Хвататься за свой пистолет не стал: теперь уже все равно. Зачем? Сейчас он получит пулю и окажется где-то в болотах, забыв, что находится не на Земле, что Лилю уже никогда не увидит, что надежды больше нет... Что такое смерть, если умереть окончательно все равно не позволят?

  Выстрела не последовало - Игнат ловко выхватил оружие из руки 'спортсменки'.

  - А ну уймись! Что на тебя нашло?!

  Та только испуганно переводила взгляд с одного на другого.

  - Я... Я не знаю, что на меня нашло! Простите, я подумала, что он... Что вы опасны и хотите... - запинаясь, пробормотала она, - вы... выглядите страшно.
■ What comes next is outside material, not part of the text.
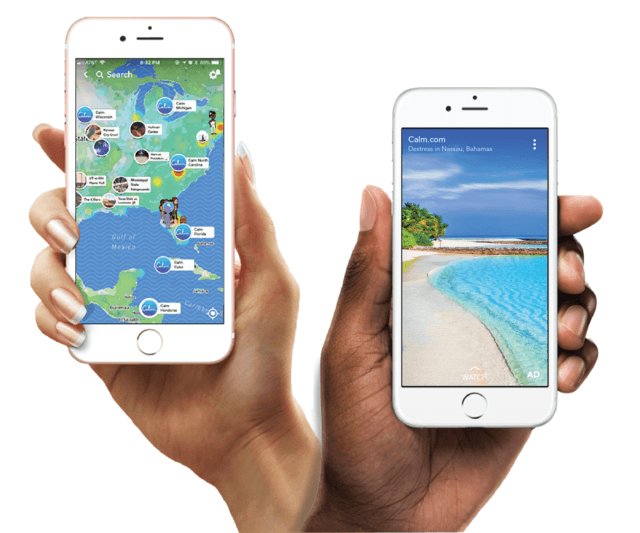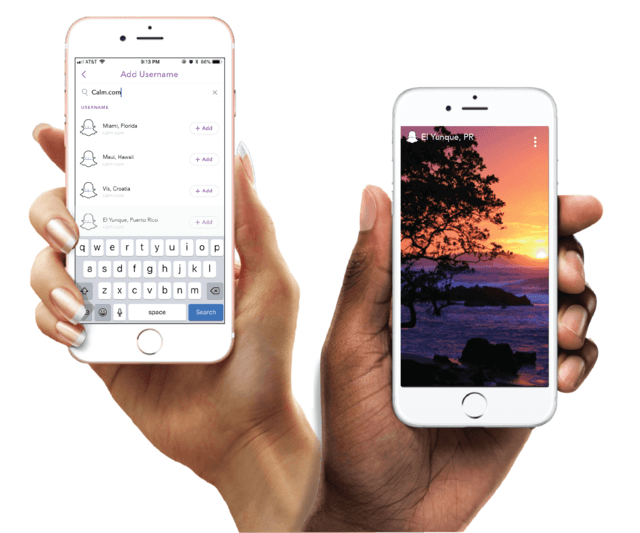 Snap Map, Snapchat's newest feature, stories submitted to Snapchat's "Our Stories" can be viewed by anyone. With the Calm.com, we could use special locations from team members to post everyday so that our target can easily access locations they can feel calm in. Between Snap stories, we will advertise Calm.com and people to follow from different locations.

  Кирсан промолчал, хотя фраза о том, что в прошлый раз он не обгорел и выглядел не страшно, но все равно подвергся нападению, просилась на язык. Ведь тогда придется объяснять все и про ту, первую встречу, и про результат, и про то, как такое возможно... В конце концов, может быть, Макс прав, что некоторым лучше не понимать, где они оказались.

  - Тебе надо отдохнуть, пойди поспи. Тут совершенно безопасно, - сказал Игнат и повернулся к японцу: - Такехиса, отведи ее в спальный зал.

  Затем он посмотрел на Кирсана и ухмыльнулся:

  - Что-то тебя столбняк хватил. Должно быть, ты начинаешь догадываться...

  - Я ему давно сказал, - вмешался Макс, - он просто не верит. А с этой девкой что не так?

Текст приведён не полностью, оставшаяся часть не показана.